Don't ask Lowry Park Zoo spokeswoman Heather Sitton what it costs to "buy" an elephant. What she'll tell you is that Lowry Park Zoo is not in the business of buying elephants. They "rescue" them. Within the last year, she says, the zoo rescued four elephants that were slated for destruction at a game reserve in Swaziland.

One expects a certain amount of publicist-speak from any institutional mouthpiece-type personage, so I, intrepid news beast that I am, pressed on.

OK, so what's it cost to rescue an elephant?

Wrong question. The problem was with the word "cost." Ms.
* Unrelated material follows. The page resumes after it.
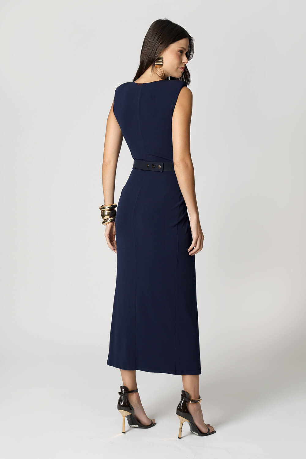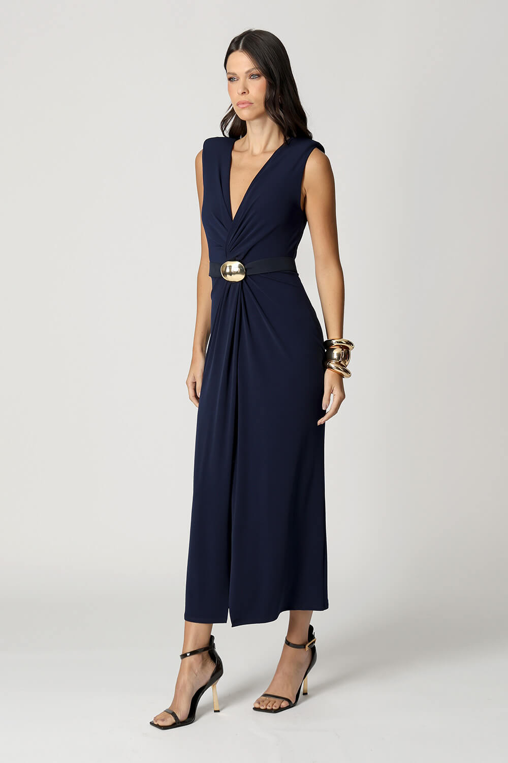 Vestido com decote profundo e detalhe twist frontal que valoriza o colo com elegância. A fenda frontal adiciona sensualidade na medida certa, enquanto as ombreiras marcantes trazem estrutura e um toque de poder ao look. Ideal para ocasiões especiais e eventos noturnos.

Sitton told me that she wasn't really the person to ask about the "cost" of an animal, since (she reminded me) Lowry Park Zoo wasn't in the business of buying animals, and that Lowry had only gotten the elephants in question after making a "pledge" to the game reserve, called Big Game Park, in Swaziland. And, she was eager to add, the pledge proceeds were earmarked for anti-poaching and elephant conservation programs in Swaziland.

So how much was the pledge?

$48,000, Ms. Sitton told me. But I wasn't to suppose that I could get a price tag for an elephant by simply dividing the total pledge ($48,000) by the number of elephants Lowry Park got (four), because that would imply a sale price, and it had been a pledge, and if the zoo hadn't paid the pledge the elephants would have been killed.

If I wanted to know what an elephant costs, she said, I might want to call a circus. Lowry Park Zoo, she added, is managed by the American Zoo and Aquarium Association.

Is it my imagination, or was the spectre of PETA hovering over this discussion?